次のグラフは,上記のプログラムを実行したときのテストデータに対するAccuracyの変化です。

今回比較のために、ラベルなしデータ10,000件+ラベルありデータ100件による半教師あり学習と、ラベルありデータ100件のみによる教師あり学習をしました。グラフからは半教師あり学習が教師あり学習のAccuracyを上回る様子が見られて、ラベルなしデータが学習に良い効果をもたらしていることがわかります。


まとめ

半教師あり学習は、教師データ全てにラベル付けをする必要がないため最近注目を集めている分野で、特に教師データ全体に対して1%程度のデータにラベルが付いているもので学習することを目指している手法も多くあり、アノテーションにかかるコストを大幅に削減することができそうです。

また、例に挙げたような手法の具体例はそれぞれ問題に対して適している適していないがあり、ここに注意して学習手法の選択できればと思います。

半教師あり学習は、今後オンライン学習への組み込みや回帰問題への適用など様々な展開の余地があり、この分野の発展に期待できます。


参考文献

[1] Xiaojin Zhu. Semi-supervised learning literature survey. Computer Science, University of Wisconsin-Madison, Vol.2, No.3, p.4, 2006.

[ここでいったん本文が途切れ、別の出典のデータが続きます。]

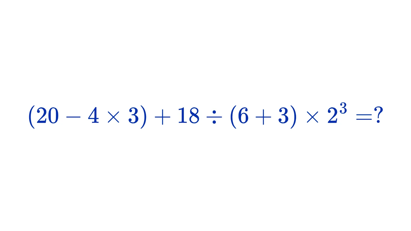 Zgodnie z kolejnością wykonywania działań zaczynamy od nawiasów. W pierwszym z nich znajduje się odejmowanie oraz mnożenie, więc w pierwszej kolejności mnożymy 4 × 3 = 12, a następnie odejmujemy 20 - 12 = 8. Z kolei w drugim nawiasie mamy jedynie dodawanie: 6 + 3 = 9. Następnie podnosimy 2 do potęgi 3 i otrzymujemy 8. W tym momencie nasze działanie wygląda następująco: 8 + 18 / 9 × 8. Ponownie sięgamy do kolejności wykonywania działań i obliczamy dzielenie oraz mnożenie od lewej do prawej strony: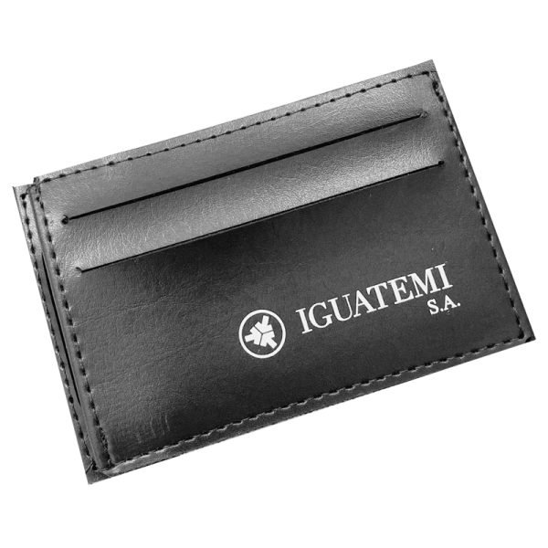 Porta cartões confeccionado em courino sintético (diversas cores para escolha). Com acabamento em costura.

[2] Kamal Nigam, Andrew Kachites McCallum, Sebastian Thrun, and Tom Mitchell. Text classification from labeled and unlabeled documents using em. Machine learning, Vol.39, No.2-3, pp.103–134, 2000.

[3] Avrim Blum and Tom Mitchell. Combining labeled and unlabeled data with co-training. In Pro-ceedings of the eleventh annual conference on Computational learning theory, pp.92–100. ACM, 1998.

[4] Xiaojin Zhu, Zoubin Ghahramani, and John D Lafferty. Semi-supervised learning using gaussian fields and harmonic functions. In Proceedings of the 20th International conference on Machine learning (ICML-03), pp.912–919,2003.

[5] Kristin P Bennett and Ayhan Demiriz. Semi-supervised support vector machines. In Advances in Neural Information processing systems, pp.368–374, 1999.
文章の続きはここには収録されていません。